PROBLEM TO WORK ON: Give back exactly the lines of the material below that start at the one holding "Le mécanisme est" and end at the last line, minus the pictures.

DATASET EXTRACT:
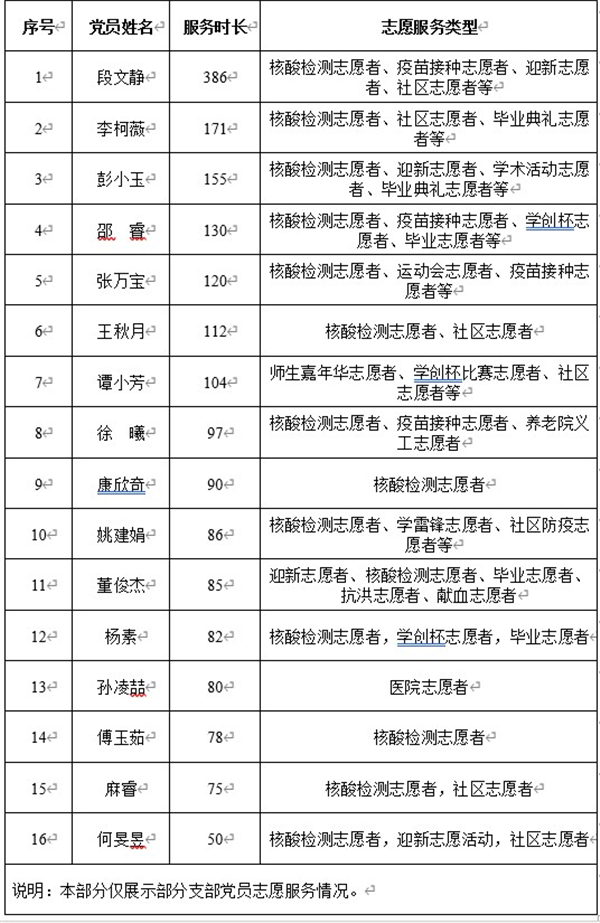 学生第五党支部积极引导支部党员发挥先锋模范作用,在志愿服务中践行为人民服务的宗旨。自2020年9月入学以来,学生第五党支部全体党员积极参加学校核酸检测、社区防疫、疫苗接种、迎新等校内外志愿服务活动,志愿服务累计时长达支2168.2小时。他们用实际行动诠释了共产党员艰苦奋斗、无私奉献的责任担当。
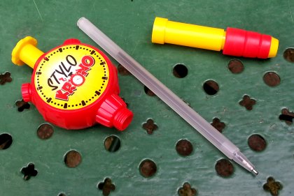 Le mécanisme est composé d'un stylo ordinaire, que l'on pourra aisément remplacer s'il vient à être usé par un stylo de même dimension comme un stylo Bic. Ce stylo est enfermé dans un tube surmonté d'un chronomètre. On déclenche le chronomètre en enfonçant le bouton, ce qui fait sortir le stylo qui va ensuite doucement rentrer dans le tube en 10 ou 15 secondes selon le réglage de la molette. En 15 secondes, il est tout à fait possible de faire deviner un objet. En 10 secondes, c'est souvent difficile. Un stratège pourra alors se demander si ça vaut le coup de commencer à dessiner. Mon conseil est donc de jouer plutôt en réglant le chronomètre sur 15 secondes et de ne passer à 10 secondes qu'entre joueurs particulièrement confirmés. Variante Escale à jeuxLe premier jouer décide, après avoir pris connaissance de la chose à dessiner, s'il joue en 10 ou en 15 secondes. S'il décide jouer en 10 secondes, on ajoute deux points au total des points à partager entre le dessinateur et le découvreur.
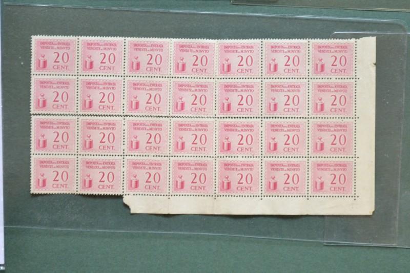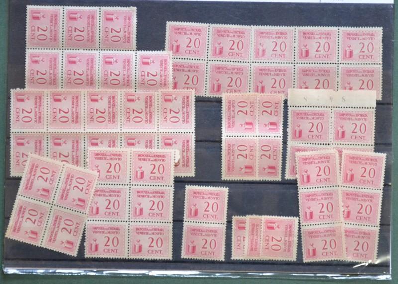 MARCOFILIA. MARCHE SULL'ENTRATA - VENDITE AL MINUTO. 200 marche da centesimi 20 nuove con gomma. Qualche difetto. (Rif.D8993)

ANSWER:
 Le mécanisme est composé d'un stylo ordinaire, que l'on pourra aisément remplacer s'il vient à être usé par un stylo de même dimension comme un stylo Bic. Ce stylo est enfermé dans un tube surmonté d'un chronomètre. On déclenche le chronomètre en enfonçant le bouton, ce qui fait sortir le stylo qui va ensuite doucement rentrer dans le tube en 10 ou 15 secondes selon le réglage de la molette. En 15 secondes, il est tout à fait possible de faire deviner un objet. En 10 secondes, c'est souvent difficile. Un stratège pourra alors se demander si ça vaut le coup de commencer à dessiner. Mon conseil est donc de jouer plutôt en réglant le chronomètre sur 15 secondes et de ne passer à 10 secondes qu'entre joueurs particulièrement confirmés. Variante Escale à jeuxLe premier jouer décide, après avoir pris connaissance de la chose à dessiner, s'il joue en 10 ou en 15 secondes. S'il décide jouer en 10 secondes, on ajoute deux points au total des points à partager entre le dessinateur et le découvreur.
 MARCOFILIA. MARCHE SULL'ENTRATA - VENDITE AL MINUTO. 200 marche da centesimi 20 nuove con gomma. Qualche difetto. (Rif.D8993)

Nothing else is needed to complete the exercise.